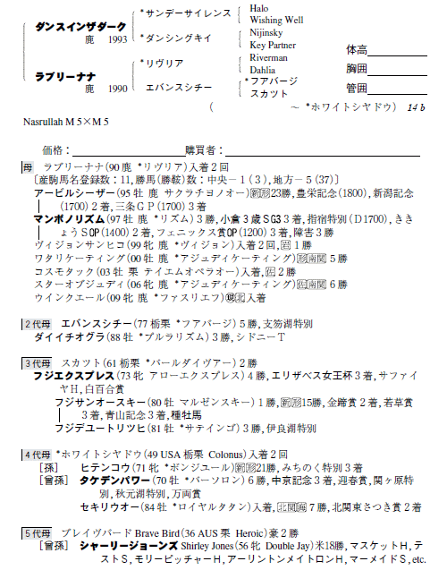父:ダンスインザダーク 母:ラブリーナナ(母父:リヴリア)
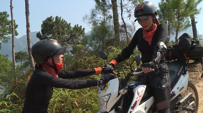 Đến thử thách chạy mô-tô địa hình, khi chứng kiến đoạn đường dốc và gồ ghề trước mặt, Kỳ Duyên đã bật khóc dù Minh Triệu vẫn luôn bên cạnh và hết lòng động viên: "Hôm qua còn mới leo vách núi được, cái này không cao hơn vách núi".
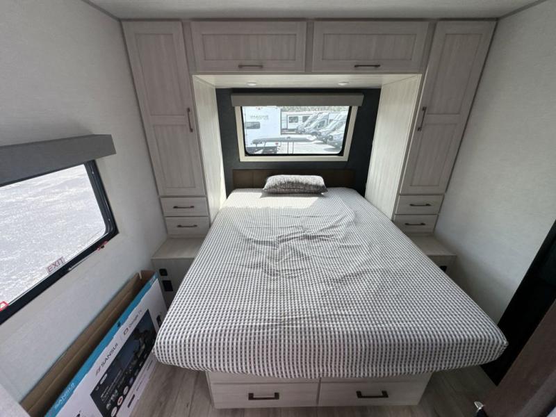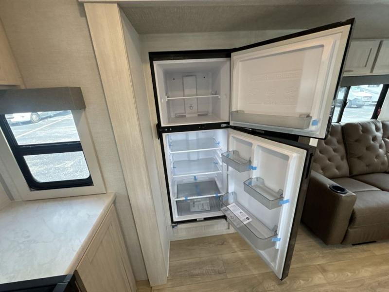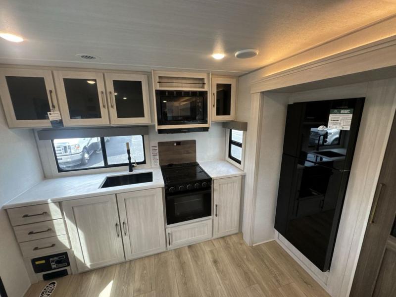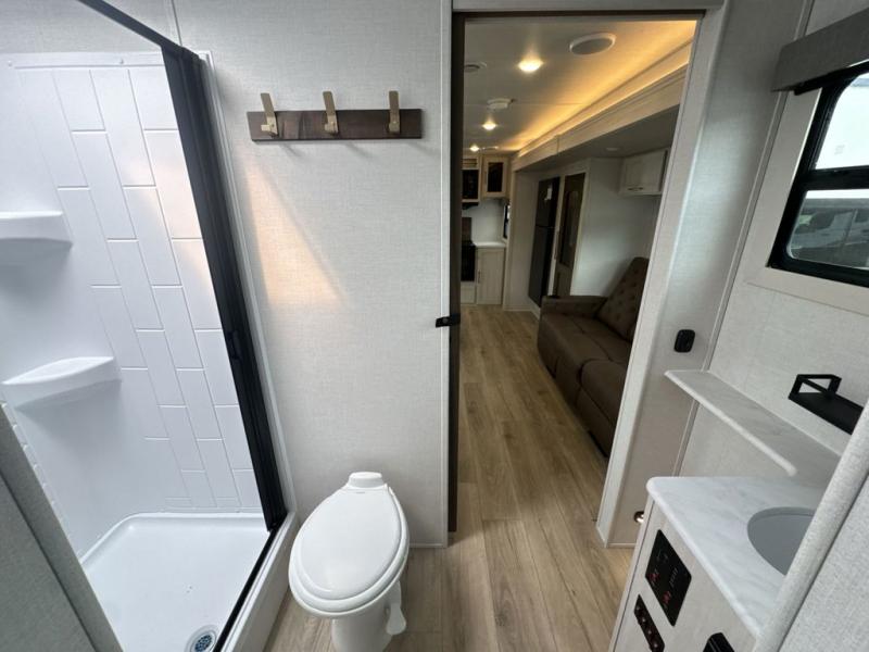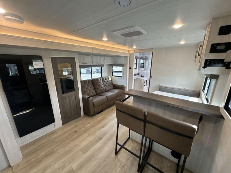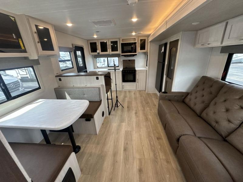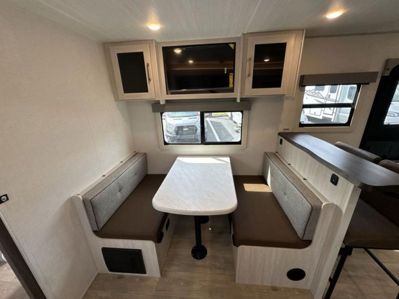 You'll love every minute spent in this cozy and convenient travel trailer. Since there are dual entry doors, you can enter in through the front bedroom with a queen bed or the rear kitchen with ample counter space! A walk-thru bath will be easily accessible for everyone to use, and there is a night light here so you don't wake your crew up in the middle of the night. The EZ-out sofa slide in the main living area will provide a cozy seating space, as well as sleeping space for guests. And you can dine each day at the booth dinette or at the bar top with two seats that overlook the dinette!

## Assignment
Output the data exactly, pictures omitted.

## Answer box
父:ダンスインザダーク 母:ラブリーナナ(母父:リヴリア)
 Đến thử thách chạy mô-tô địa hình, khi chứng kiến đoạn đường dốc và gồ ghề trước mặt, Kỳ Duyên đã bật khóc dù Minh Triệu vẫn luôn bên cạnh và hết lòng động viên: "Hôm qua còn mới leo vách núi được, cái này không cao hơn vách núi".
 You'll love every minute spent in this cozy and convenient travel trailer. Since there are dual entry doors, you can enter in through the front bedroom with a queen bed or the rear kitchen with ample counter space! A walk-thru bath will be easily accessible for everyone to use, and there is a night light here so you don't wake your crew up in the middle of the night. The EZ-out sofa slide in the main living area will provide a cozy seating space, as well as sleeping space for guests. And you can dine each day at the booth dinette or at the bar top with two seats that overlook the dinette!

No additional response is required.